Die fortschreitende Digitalisierung und der Einsatz von Künstlicher Intelligenz sollten als Chance für New Work gesehen werden. Wir können die frei werdenden Ressourcen nutzen, um unserer Arbeit mehr Sinn, Selbstbestimmung und Flexibilität zu geben. Wir sollten Dinge hinterfragen, ausprobieren und herausfinden, was wir wirklich von unserer Arbeit wollen, wie es Frithjof Bergmann ausdrückte.

Mehr Freiräume und Zeit können zu mehr Kreativität und Innovation führen, wovon Unternehmen profitieren. Um eine solche Win-Win-Situation im Rahmen von New Work zu schaffen, ist es wichtig, Maßnahmen entsprechend dem eigenen Unternehmenskontext zu entwickeln, anstatt einfach Best Practices anderer Unternehmen zu übernehmen. Diese sollten lediglich als Inspiration dienen und an den eigenen Kontext angepasst werden.

Jedes Unternehmen ist einzigartig und hat seine eigenen Werte, Stärken und Herausforderungen. Um die Akzeptanz der Maßnahmen zu gewährleisten, sollten die Mitarbeitenden frühzeitig in die Entwicklung einbezogen werden und das Top-Management die Maßnahmen unterstützen. Darüber hinaus müssen insbesondere die Führungskräfte in der Organisation befähigt werden, die neue, demokratischere Form der Führung zu praktizieren und ihre Teammitglieder zu ermutigen, ihre Rolle zu gestalten. 

Die drei wichtigsten Punkte, um hybrides Arbeiten im Sinne von New Work erfolgreich zu machen, sind für Katherina Harsch:

  1. Echte Flexibilität: Mitarbeitende sollten die Freiheit haben, ihren Arbeitsort und ihre Arbeitszeit flexibel zu wählen.

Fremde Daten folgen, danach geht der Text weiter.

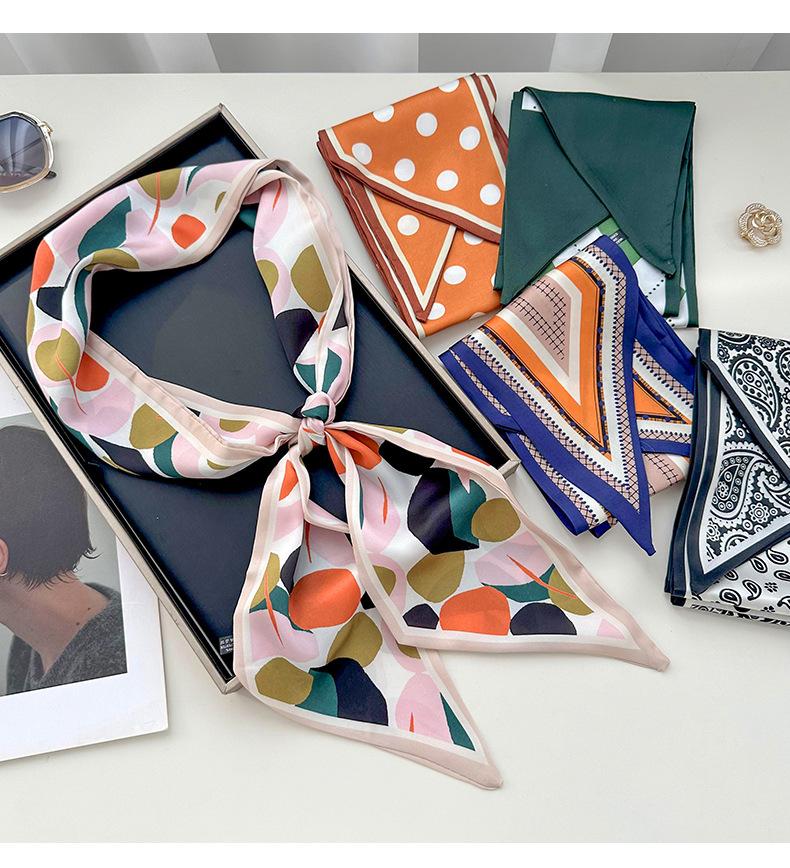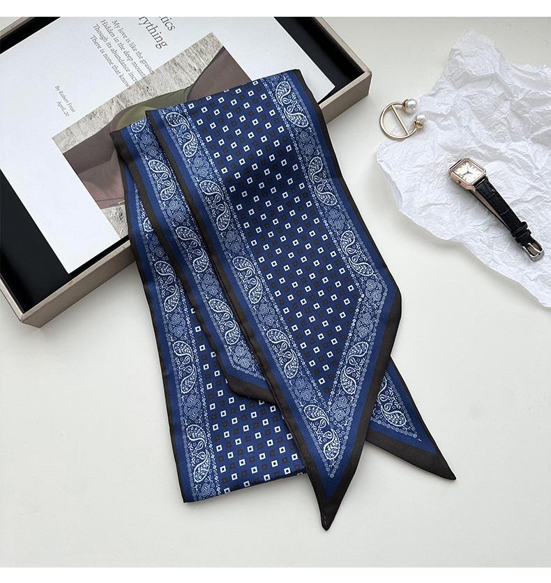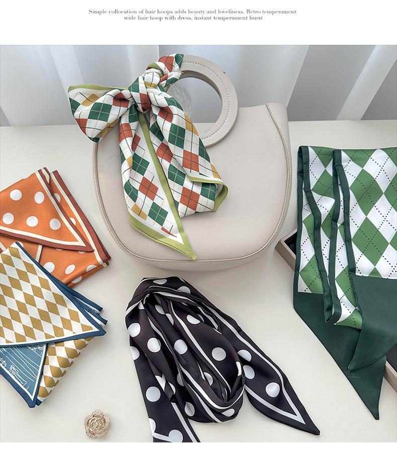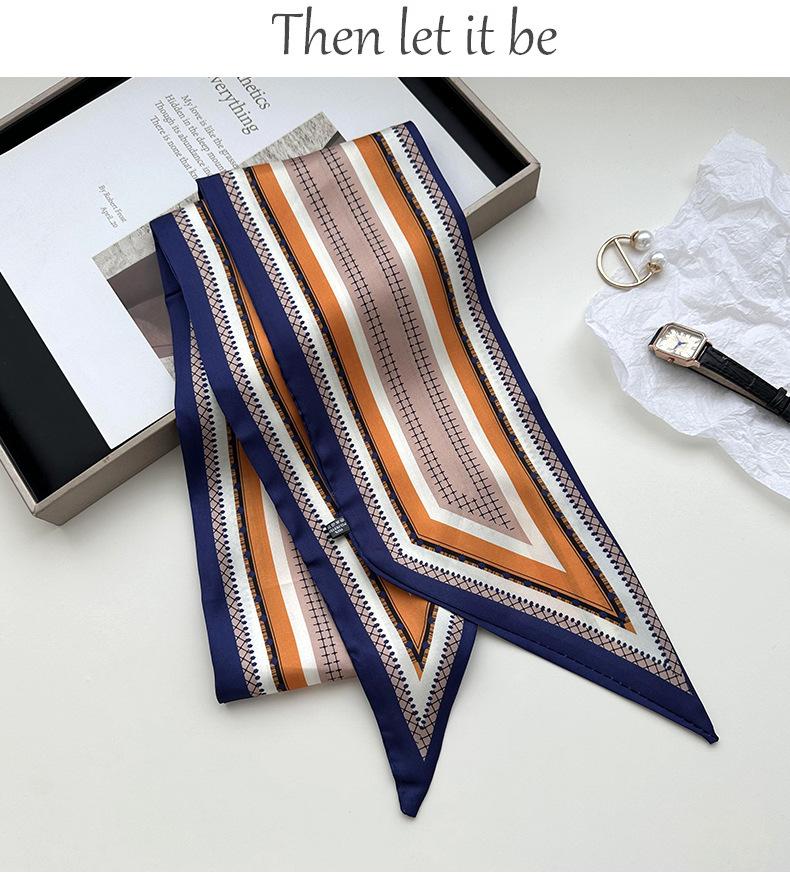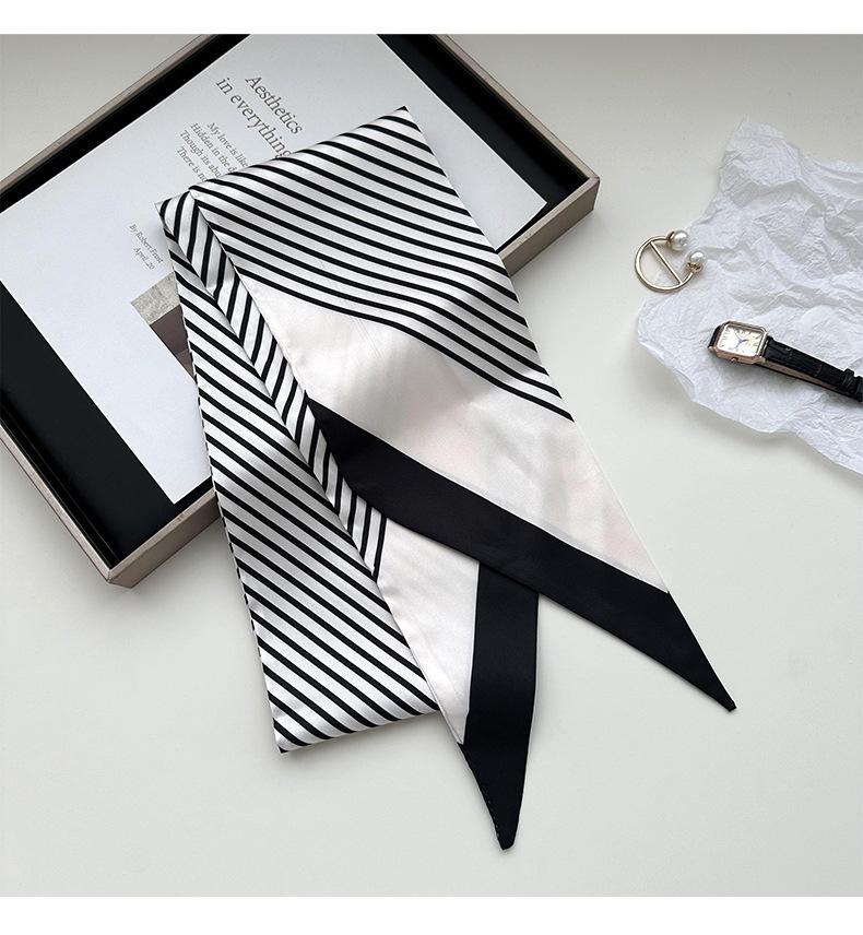 Pañuelo de seda pequeño estilo coreano para mujer, con cinta decorativa que combina con todo, para atar el pelo, pañuelo largo de seda de doble cara.
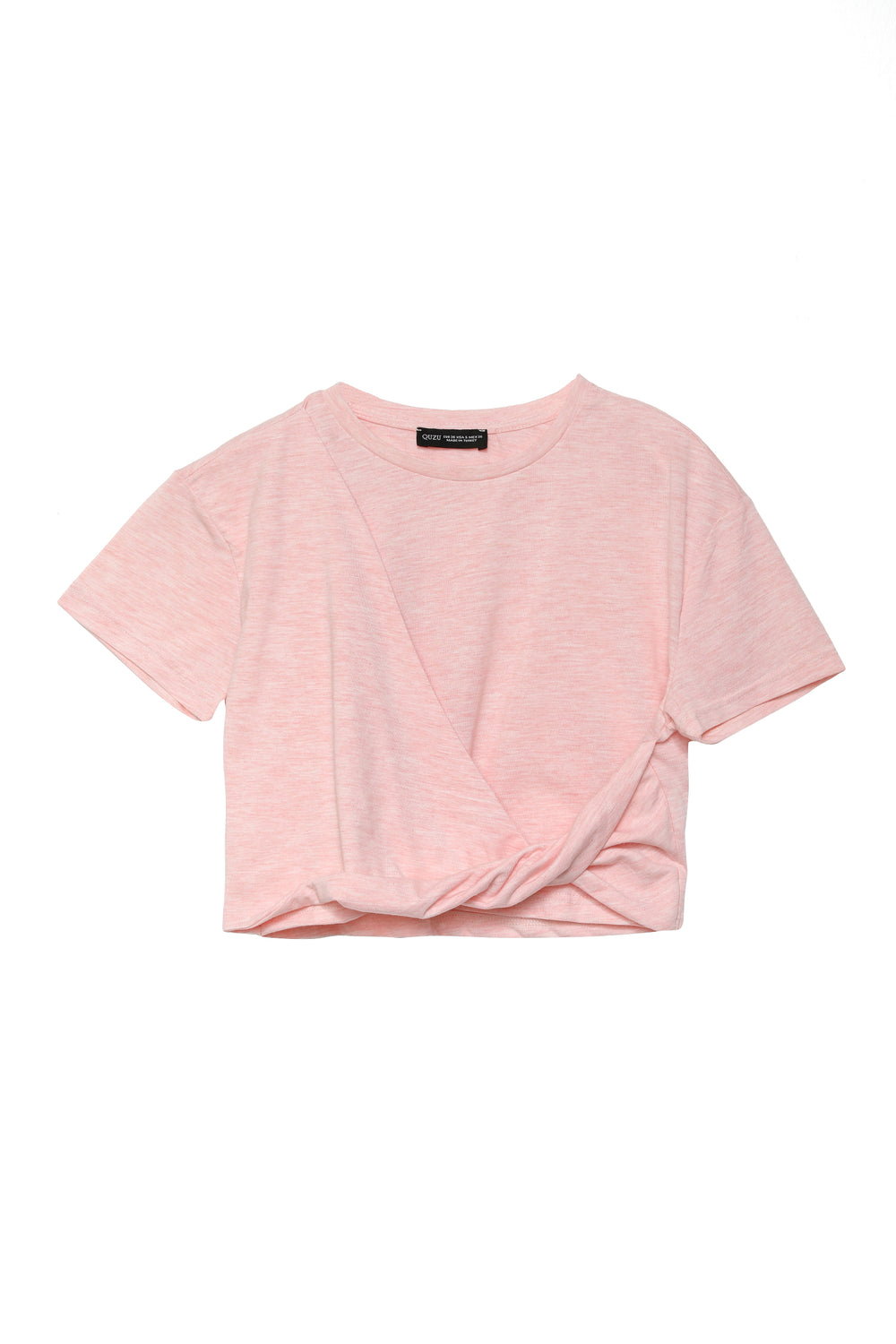 Dekolteli Bağlama Detaylı Tişört Pembe

So können sie ihre Arbeit selbstbestimmt an ihre Bedürfnisse anpassen. Ein starres Modell wie der Home-Office-Freitag bietet wenig echte Flexibilität und Selbstbestimmung.
  2. Teamzeit ist unverzichtbar: Gemeinsame Zeit im Team ist entscheidend für den Zusammenhalt, den informellen Austausch und das Zugehörigkeitsgefühl. Regelmäßige Treffen, sowohl online als auch offline, fördern das Teamgefühl und etablieren gemeinsame Werte. Die Gestaltung der Teamräume kann die Interaktion und Zusammenarbeit unterstützen.
  3. Fokus auf Ergebnisse: Remote-Arbeit birgt das Risiko, dass Leistung weniger sichtbar wird, was sich negativ auf die Karriere auswirken kann. Eine ergebnisorientierte Vertrauenskultur und Vorbilder können hier Abhilfe schaffen. Führungskräften kommt in diesem Zusammenhang eine neue Rolle zu, die erlernt werden muss.